The link to Val Bercovici’s article is here.
Here’s the gist-
Hadoop natively uses HDFS, which is a file system that’s made to be node-level redundant. Data is replicated by default THREE times across nodes in a Hadoop cluster. The nodes themselves, at least in the “tradition” of Hadoop, do not perform any RAID at all, if node’s filesystem fails, the data is already contained elsewhere and any running MapReduce jobs are simply started over.
This is great if you have a few thousand nodes and the people you’re crunching data for are at-large consumers who aren’t paying for your service and as such cannot expect service levels of any kind.
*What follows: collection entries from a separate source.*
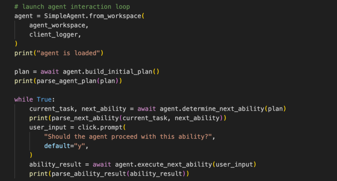 这个主要框架虽然相对简单,但其设计理念具有重要意义。首先,创建一个初始的计划,然后进入主循环。系统会让模型判断在当前计划下该进行何种行动,接着会执行行动。执行完毕后,结果会写入下一次循环中。如此,每次决策都会基于之前的结果、记忆和计划,从而制定出新的行动方案。
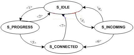 呼叫有四種狀態(tài):“S_IDLE”、“S_PROGRESS”、“S_INCOMING”、“S_CONNECTED”,它們之間的關(guān)系用一個(gè)有限狀態(tài)機(jī)來描述,如圖3。
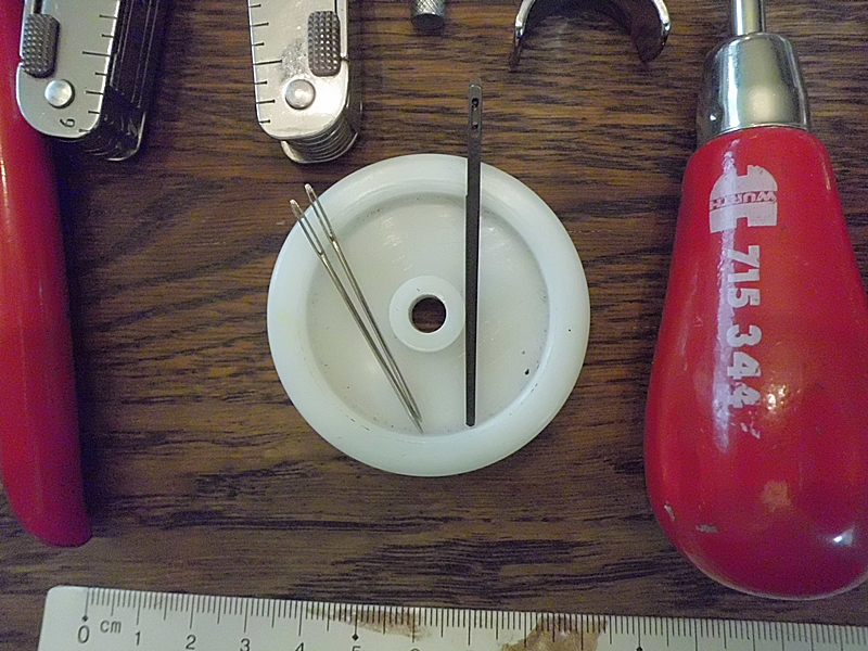 -Mit dem Nahtroller, in diesem Fall 5mm Abstand von Loch zu Loch da ja 5mm Flechtband benutzt wird, die naht abrollen und dann Lochen (entweder Ahle oder Lochzange, kann selbstverständlich auch mit einem Scharfem Bohrer gebohrt werden)

Enterprise, however, is a different story. Once business units start depending on reduced results from Hadoop, they start depending on the timeframe in which it’s delivered as well. Simply starting jobs over is NOT going to please anyone and could interrupt business processes. Further, Enterprises don’t have the space or budget to put up Hadoop clusters with the scale the Facebooks and Yahoos do (they also don’t typically have the justifiable use cases). In fact, the Enterprises I’m working with are taking a “build it and the use cases will come” approach to Hadoop.
NetApp’s NFS connector for Hadoop significantly reduces the entry point for businesses who want to vet out Hadoop and justify use cases. One of the traditional problems with Hadoop is that one needs to create a silo’ed architecture- servers, storage, and network, in a scale that prove the worth of Hadoop.
Now, businesses can throw compute (physical OR virtual) into a Hadoop cluster and connect to existing NFS datastores – whether they are on NetApp or not! NetApp has created this connector and thrown it upon the world as open source on GitHub.
This removes a huge barrier to entry for any NetApp (or NFS!) customer who is looking to perform analytics against an existing dataset without moving it or creating duplicate copies.